Thursday 22 July 2010

Scandalous Photos (1979)

Scandalous Photos (Photos scandale) is one of a number of very obscure 1970s and 80s French erotic films released on DVD by Nucleus Films on their cutely but aptly named Naughty DVD label.

This 1979 movie combines a B-movie mystery espionage plot with some very tame softcore elements. The results are lightweight in the extreme but it somehow manages to be more likeable and more charming than you’d have any right to expect. The whole thing has a nicely subtle tongue-in-cheek feel to it.

Juliette (Brigitte Lahaie) and her boyfriend Chris are small-scale blackmailers. Juliette pretends her car has broken down and whenever a passing male motorist stops to help (which is pretty frequent since Juliette is an attractive young lady) she seduces them while Chris snaps some incriminating photos.

Juliette however has much bigger ambitions. If you’re going to be a blackmailer, do it on the grand scale. Her idea is that Chris should seduce wealthy heiresses who fancy a spot of rough trade while she will take the photos. Chris isn’t overly bright but she’s confident his considerable skills in the bedroom will stand him in good stead. You might wonder if wealthy industrialists in 1979 would be prepared to pay out big money to keep their erring daughters’ sexual escapades out of the papers but Juliette has thought of this. A group of very rich businessmen are trying to put together a major deal with an even bigger and richer magnate who happens to be a devout and very conservative Mormon. So in this case they will have to pay up or risk seeing the deal go belly-up.

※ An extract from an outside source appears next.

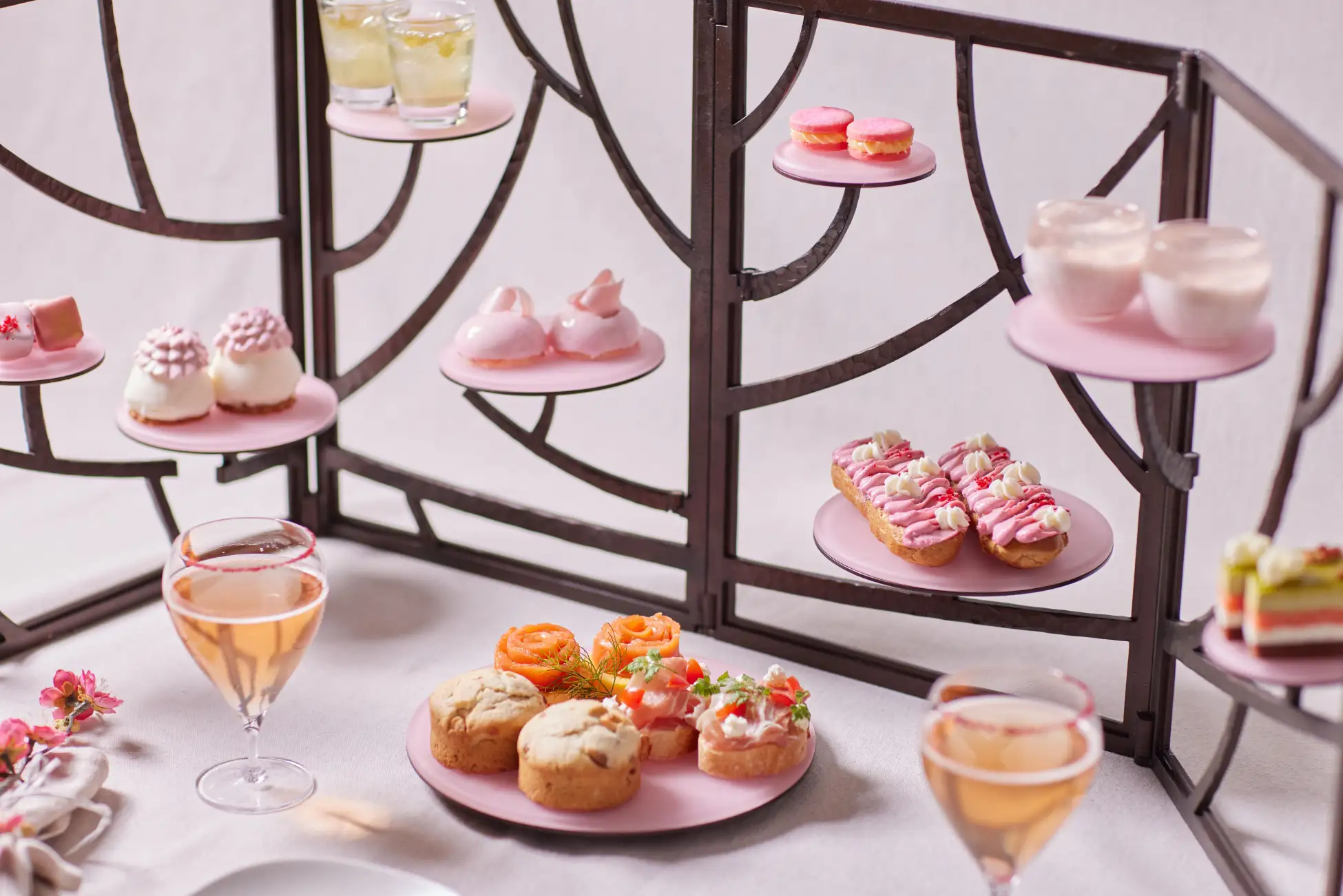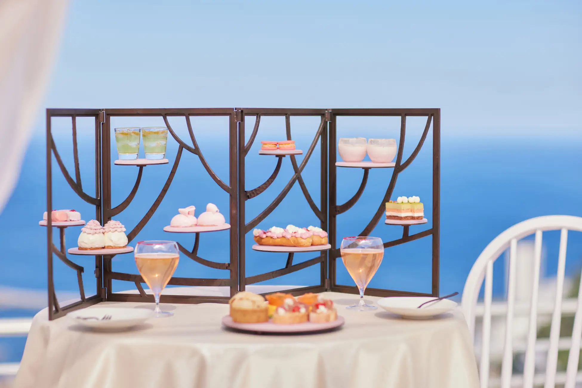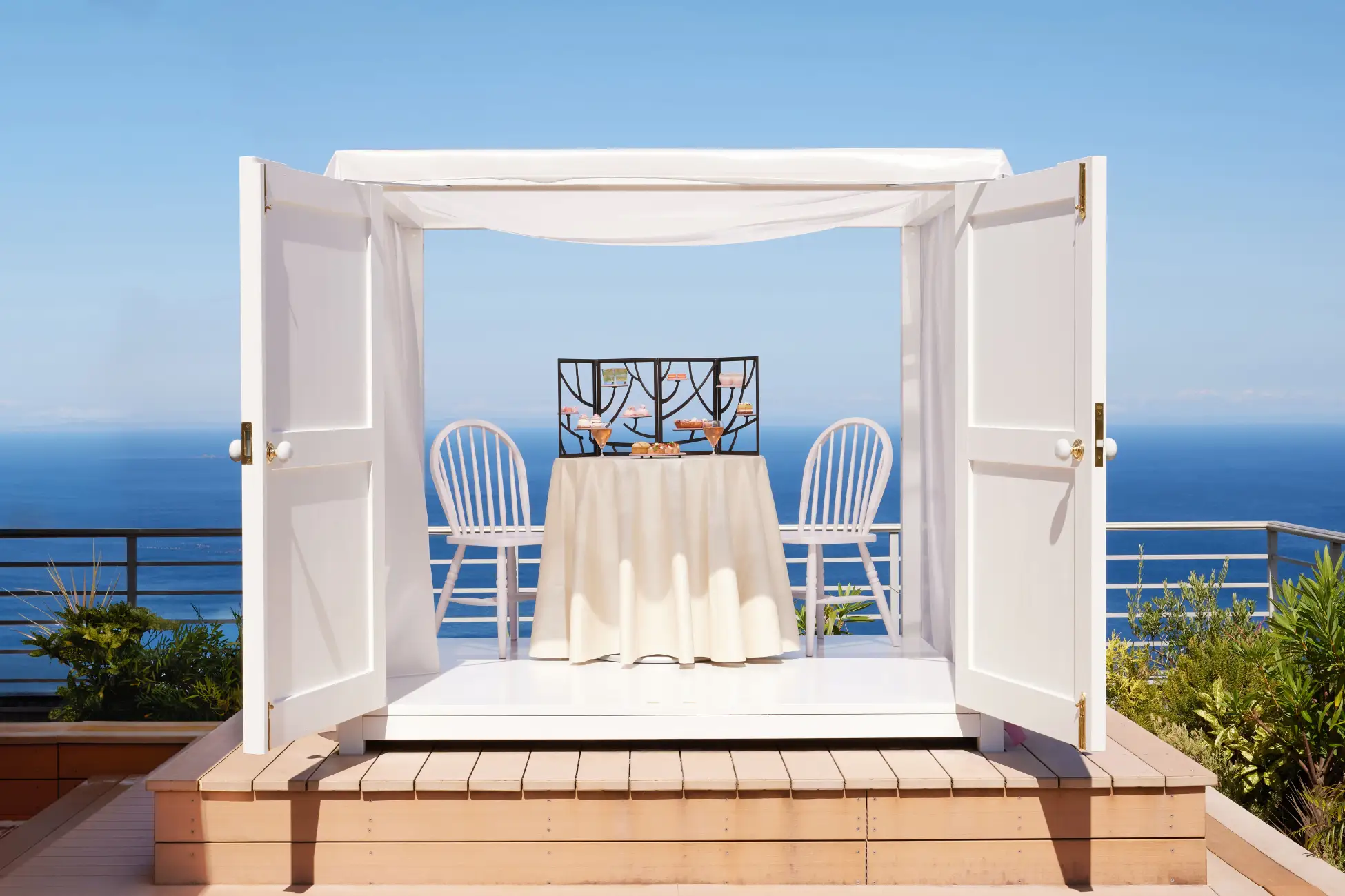 テラス席には、春の訪れを感じられる特等席が登場。白い扉を開けると、そこには淡いピンク色のドレープカーテンに包まれ、華やかに設えられた空間が広がります。目の前の海と街並みを眼下に、アフタヌーンティーを味わいながら少し早い春を感じ、贅沢なひとときを心ゆくまで過ごせます。

After Juliette and Chris have snared their first victim her father employs famed private detective Jim Ravel to find the two blackmailers. The other three industrialists involved in the big deal are named Bruckner, Mahler and Bartok. I’m not quite sure why everyone seems to be named after a composer. Jim Ravel manages to extricate one of the heiresses from the clutches of the blackmailers and then promptly falls in love with her. In fact the feeling is mutual.

Ravel’s investigations lead him to Juliette’s sister who is involved in a major spy ring. Actually she’s involved in two major spy rings. She’s a busy girl. Her work as a very high-class and expensive prostitute provide a cover for these dangerous but lucrative endeavours. There are the expected twists and double-crosses. We’re not meant to take any of it too seriously and it’s executed with a light enough touch to just about get away with being a gentle spoof.

The movie also takes a sardonic look at the hypocrisy of the rich and powerful and again it’s done subtly enough not to be annoying.

The film’s greatest asset is Brigitte Lahaie. She made her initial reputation as a porn star in both hardcore and softcore vehicles. But those were the heady days when even hardcore sex films had plots, and dialogue. And even scriptwriters! And porn actresses were expected to be able to act. Lahaie went on to demonstrate that she could most certainly act, in movies like Jean Rollin’s Night of the Hunted. And in this movie she once again reveals herself as a competent and charismatic actress.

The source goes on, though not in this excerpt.